Download or read book Forecasting Yield Curves with Survey Information written by Jack Clark Francis and published by . This book was released on 2019 with total page pages. Available in PDF, EPUB and Kindle. Book excerpt: Campbell and Shiller [1991], Cochrane and Piazzesi [2005], Diebold and Li [2006] and many others have shown that today's yield curve possesses significant information about the dynamics of future yields. Vector autoregression (VAR) models can forecast interest rates with different maturities, but these forecasts can contain arbitrage opportunities. To avoid arbitrage it is important to use affine term structure models. This paper investigates the expectations of professional economic forecasters for the purpose of out-of-sample forecasting. The results suggest that survey data from professional economic forecasters can generate significant improvements in interest rate forecasts up to one year ahead.

Book Modeling and Forecasting the Yield Curve Under Model Uncertainty

Download or read book Modeling and Forecasting the Yield Curve Under Model Uncertainty written by Francesco Donati and published by . This book was released on 2009 with total page 52 pages. Available in PDF, EPUB and Kindle. Book excerpt: We propose a methodology that permits to investigate and forecast the behavior of a variable and its determinants in real time, both in the time and in the frequency domain, starting from a model designed in the time domain, which makes the presentation and evaluation of the results straightforward. This paper applies the methodology to the yield curve. We extract all the shocks affecting the forward rates and the yields and we divide them into three disjoint classes: 1) long-run shocks giving rise to possibly permanent effects, 2) medium-run forces and 3) short-run forces giving rise to transitory effects. These forces drive the low-, medium- and high-frequency component, respectively, composing the time series of the variables used in the model. We explicitly model and estimate such cause-and-effect relationships. The analysis of the shocks and the frequency components provides a timely and comprehensive overview of the nature of the movements in the yields. Furthermore, using the forecast of the frequency components to forecast the yields enhances forecast accuracy, also at long prediction horizons. To perform the frequency decompositions, to identify the forces governing the evolution of the model variables, and to perform the out-of-sample forecasts we use a dynamic filter whose embedded feedback control corrects for model uncertainty.

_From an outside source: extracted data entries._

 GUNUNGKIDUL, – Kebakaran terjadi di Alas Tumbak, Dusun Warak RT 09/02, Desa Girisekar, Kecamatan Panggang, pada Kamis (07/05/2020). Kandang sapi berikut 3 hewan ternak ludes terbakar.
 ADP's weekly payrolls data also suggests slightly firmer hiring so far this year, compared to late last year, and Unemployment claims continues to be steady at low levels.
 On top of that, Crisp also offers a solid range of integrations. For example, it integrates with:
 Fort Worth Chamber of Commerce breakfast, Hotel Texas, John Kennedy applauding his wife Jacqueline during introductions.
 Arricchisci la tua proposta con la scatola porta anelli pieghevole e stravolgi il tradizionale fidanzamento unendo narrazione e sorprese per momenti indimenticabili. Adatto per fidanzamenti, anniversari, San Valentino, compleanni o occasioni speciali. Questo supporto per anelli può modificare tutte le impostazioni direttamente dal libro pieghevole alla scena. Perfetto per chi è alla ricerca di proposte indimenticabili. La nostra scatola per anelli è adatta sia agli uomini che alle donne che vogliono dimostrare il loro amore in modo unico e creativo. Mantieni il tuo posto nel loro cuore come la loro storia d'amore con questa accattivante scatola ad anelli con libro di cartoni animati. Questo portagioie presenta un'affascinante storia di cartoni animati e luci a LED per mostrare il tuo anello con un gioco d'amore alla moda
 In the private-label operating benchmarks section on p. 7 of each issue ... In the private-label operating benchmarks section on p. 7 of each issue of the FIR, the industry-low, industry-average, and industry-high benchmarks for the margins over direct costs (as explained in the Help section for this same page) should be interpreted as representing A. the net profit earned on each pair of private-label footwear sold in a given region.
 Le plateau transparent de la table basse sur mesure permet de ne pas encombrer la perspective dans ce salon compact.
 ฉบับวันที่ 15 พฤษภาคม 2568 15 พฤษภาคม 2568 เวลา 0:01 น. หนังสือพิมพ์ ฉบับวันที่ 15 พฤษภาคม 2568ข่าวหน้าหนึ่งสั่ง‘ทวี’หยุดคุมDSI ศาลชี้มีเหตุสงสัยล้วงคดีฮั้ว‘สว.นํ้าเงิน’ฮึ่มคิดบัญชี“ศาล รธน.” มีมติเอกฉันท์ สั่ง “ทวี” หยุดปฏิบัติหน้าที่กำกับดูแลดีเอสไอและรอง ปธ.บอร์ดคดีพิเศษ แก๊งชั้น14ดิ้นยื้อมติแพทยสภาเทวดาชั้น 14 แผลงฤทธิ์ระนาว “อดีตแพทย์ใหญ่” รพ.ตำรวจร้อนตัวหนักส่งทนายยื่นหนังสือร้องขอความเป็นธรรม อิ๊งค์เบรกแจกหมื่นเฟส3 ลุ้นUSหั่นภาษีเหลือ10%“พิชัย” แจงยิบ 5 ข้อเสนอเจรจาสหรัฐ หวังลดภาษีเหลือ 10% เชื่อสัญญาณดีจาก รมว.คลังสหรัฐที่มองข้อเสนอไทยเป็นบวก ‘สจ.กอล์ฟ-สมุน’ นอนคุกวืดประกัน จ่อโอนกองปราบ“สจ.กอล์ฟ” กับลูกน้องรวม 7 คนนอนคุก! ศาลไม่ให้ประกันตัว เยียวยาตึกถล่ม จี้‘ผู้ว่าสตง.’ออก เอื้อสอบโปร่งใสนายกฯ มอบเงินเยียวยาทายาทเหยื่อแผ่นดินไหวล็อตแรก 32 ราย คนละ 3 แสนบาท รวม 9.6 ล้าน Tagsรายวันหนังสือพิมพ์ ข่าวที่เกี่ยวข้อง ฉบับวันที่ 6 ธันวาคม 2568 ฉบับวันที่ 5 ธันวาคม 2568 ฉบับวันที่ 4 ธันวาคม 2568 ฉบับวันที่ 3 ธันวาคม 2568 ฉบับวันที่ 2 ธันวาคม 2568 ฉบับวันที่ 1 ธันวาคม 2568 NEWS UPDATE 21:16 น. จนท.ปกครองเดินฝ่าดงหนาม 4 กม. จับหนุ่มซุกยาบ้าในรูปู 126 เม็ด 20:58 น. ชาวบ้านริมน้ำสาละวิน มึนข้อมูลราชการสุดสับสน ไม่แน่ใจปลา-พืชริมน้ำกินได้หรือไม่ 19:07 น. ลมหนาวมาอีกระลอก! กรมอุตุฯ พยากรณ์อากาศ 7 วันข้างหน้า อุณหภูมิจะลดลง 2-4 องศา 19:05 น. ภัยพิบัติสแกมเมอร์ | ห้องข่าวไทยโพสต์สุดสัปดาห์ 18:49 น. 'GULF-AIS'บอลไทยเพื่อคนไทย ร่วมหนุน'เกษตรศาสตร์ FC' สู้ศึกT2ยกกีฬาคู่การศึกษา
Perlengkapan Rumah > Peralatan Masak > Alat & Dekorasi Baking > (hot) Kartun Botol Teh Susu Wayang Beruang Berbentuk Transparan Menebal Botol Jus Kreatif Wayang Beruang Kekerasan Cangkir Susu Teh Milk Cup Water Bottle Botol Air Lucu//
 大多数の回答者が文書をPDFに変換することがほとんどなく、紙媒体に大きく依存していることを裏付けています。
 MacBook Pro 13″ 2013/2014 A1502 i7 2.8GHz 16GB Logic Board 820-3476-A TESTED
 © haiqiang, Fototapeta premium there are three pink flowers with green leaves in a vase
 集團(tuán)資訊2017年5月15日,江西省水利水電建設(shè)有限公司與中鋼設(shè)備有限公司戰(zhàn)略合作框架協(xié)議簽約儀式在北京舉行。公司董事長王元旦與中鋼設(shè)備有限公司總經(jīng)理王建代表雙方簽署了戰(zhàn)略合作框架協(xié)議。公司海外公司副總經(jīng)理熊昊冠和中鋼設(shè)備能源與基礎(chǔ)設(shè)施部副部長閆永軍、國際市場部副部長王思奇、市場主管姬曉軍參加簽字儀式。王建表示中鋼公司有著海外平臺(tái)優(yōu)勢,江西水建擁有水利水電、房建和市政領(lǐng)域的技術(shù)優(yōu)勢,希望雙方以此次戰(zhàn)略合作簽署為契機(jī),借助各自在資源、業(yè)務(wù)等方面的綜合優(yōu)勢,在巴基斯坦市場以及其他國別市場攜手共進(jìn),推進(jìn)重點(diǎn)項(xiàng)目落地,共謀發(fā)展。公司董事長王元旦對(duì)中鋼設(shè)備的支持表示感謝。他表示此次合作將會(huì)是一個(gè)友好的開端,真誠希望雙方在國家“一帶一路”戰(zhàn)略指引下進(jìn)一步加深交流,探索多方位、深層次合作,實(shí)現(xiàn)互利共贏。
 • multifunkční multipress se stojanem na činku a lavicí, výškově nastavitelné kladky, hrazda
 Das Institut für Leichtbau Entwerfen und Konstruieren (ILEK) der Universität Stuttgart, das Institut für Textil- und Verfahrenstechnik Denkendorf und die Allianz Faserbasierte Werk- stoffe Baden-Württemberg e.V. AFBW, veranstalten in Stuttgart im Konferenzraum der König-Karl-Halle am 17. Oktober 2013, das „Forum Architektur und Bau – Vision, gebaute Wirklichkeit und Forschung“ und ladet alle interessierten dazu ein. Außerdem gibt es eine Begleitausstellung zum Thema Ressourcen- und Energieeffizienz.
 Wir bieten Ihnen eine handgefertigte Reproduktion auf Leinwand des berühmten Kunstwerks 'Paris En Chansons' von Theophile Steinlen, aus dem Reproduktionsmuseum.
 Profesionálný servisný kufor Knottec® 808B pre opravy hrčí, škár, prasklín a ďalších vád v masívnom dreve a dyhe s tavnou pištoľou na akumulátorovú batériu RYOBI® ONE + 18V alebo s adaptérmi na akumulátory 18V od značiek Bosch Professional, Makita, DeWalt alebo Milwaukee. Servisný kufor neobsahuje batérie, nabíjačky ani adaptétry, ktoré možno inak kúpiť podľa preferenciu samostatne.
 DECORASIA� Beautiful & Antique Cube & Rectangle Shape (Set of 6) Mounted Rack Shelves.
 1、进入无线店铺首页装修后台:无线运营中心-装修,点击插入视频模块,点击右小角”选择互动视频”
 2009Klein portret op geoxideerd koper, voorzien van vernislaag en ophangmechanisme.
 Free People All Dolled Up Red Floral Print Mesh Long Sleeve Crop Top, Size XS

Book The Yield Curve and Real Activity

Download or read book The Yield Curve and Real Activity written by Zuliu Hu and published by . This book was released on 2006 with total page 38 pages. Available in PDF, EPUB and Kindle. Book excerpt: The financial press frequently suggest that the shape of yield curve reflects information about the prospects of the economy. This paper attempts to formalize the link between the yield curve and the real economic activity. A closed-form formula for the term structure of interest rates is derived. It is shown that the term structure embodies the market`s expectation about changes in the macroeconomic fundamental--the growth in real aggregate output of the economy. The paper then documents the use of bond market data for predicting GDP growth in the G-7 industrial countries. The results suggest that a simple measure of the slope of the yield curve, namely the yield spread, serves as a good predictor of future economic growth. The out-of-sample forecasting performance of the yield spread compares favorably with that of the alternative stock price-based model and a univariate time series (ARMA) model. One practical implication is that it may be useful to add some measure of the term structure to the list of leading indicators.